Choisie, l’indifférence peut l’être encore non pour une raison éthique mais métaphysique. C’est alors une attitude existentielle qui se veut cohérente par rapport à une interprétation réaliste et sans concession de notre séjour dans le monde. C’est du moins ce qui ressort de la lecture des œuvres du philosophe et écrivain d’origine roumaine Cioran, et en particulier de son Précis de décomposition (1949). Proche des sceptiques en ce qu’il estime que si « l’homme perd sa faculté d’indifférence », il cédera à sa « puissance d’adorer » et deviendra « assassin virtuel », il s’en distingue par le lien qu’il découvre entre l’indifférence et la vacuité de l’existence. Pour lui, l’indifférence relève d’un regard lucide sur la vie : si « rien ne prouve que nous soyons plus que rien », si avec un peu de recul tout s’égalise, alors pour ne pas céder au nihilisme, il ne reste qu’à adopter un regard sur les autres mi-désabusé mi-ironique, vaguement compatissant pour échapper au cynisme. L’important est dans la juste distance qui permet de ne pas faire trop de cas de soi et des autres pour s’affranchir du devoir d’être quelque chose. Mais cet équilibre subtil où pensée et émotion se neutralisent, exige peut-être trop de nous.

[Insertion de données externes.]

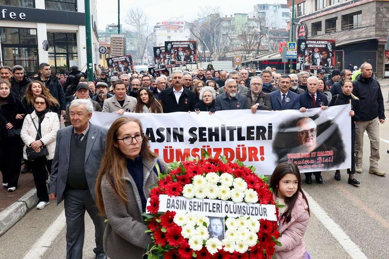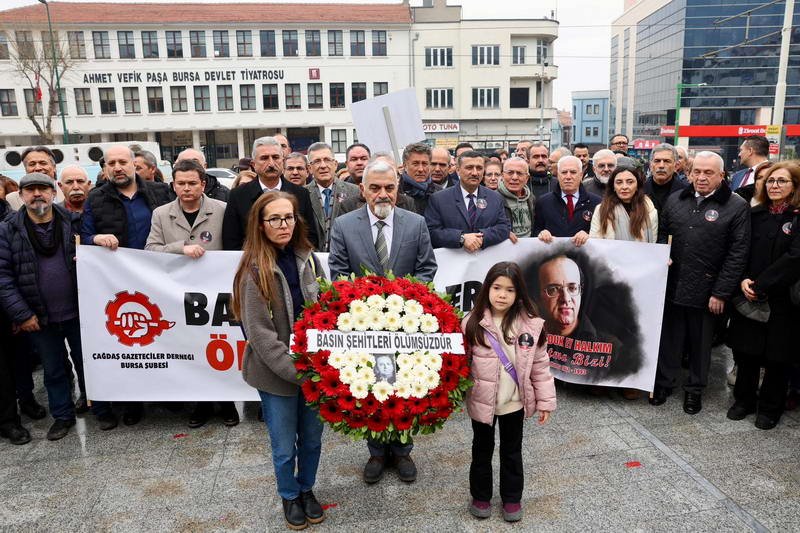 Törende Çağdaş Gazeteciler Derneği (ÇGD) Bursa Şubesi Başkanı Tayfun Çavuşoğlu tarafından bir basın açıklaması gerçekleştirildi. Tören kapsamında ayrıca Anadolu Gazeteciler ve Spor Yazarları Derneği (ASGD) Genel Başkanvekili Yüksel Baysal ile Türkiye Spor Yazarları Derneği (TSYD) Bursa Şube Başkanı Mehmet Ali Ekmekçi de birer selamlama konuşması yaparak günün anlam ve önemine değindi. Atatürk Anıtı’na kurumlar adına çelenk sunumu gerçekleştirildi. Katılımcılar, Uğur Mumcu çelenginin çevresini kırmızı karanfillerle donattı. Uğur Mumcu’ya saygı çelengini Gazeteci Günnur Ataokay ile kızı Ada Ataokay birlikte taşıdı.

Pas facile d’être indifférent, au fond. Regardez le célèbre tableau d’Eugène Delacroix, La Mort de Sardanapale (1827). Inspiré par un roman de Byron, ce chef-d’œuvre du romantisme illustre l’idée que l’indifférence relève de l’héroïsme. Ne voulant rien laisser à ses ennemis, vaincu, le roi assyrien Sardanapale décide de détruire tout ce qu’il possède : esclaves, femmes, chevaux, or et argent, avant d’embraser son palais et d’y mourir. Le panache le dispute ici à l’insensibilité, sa liberté se faisant terrible et son indifférence sublime.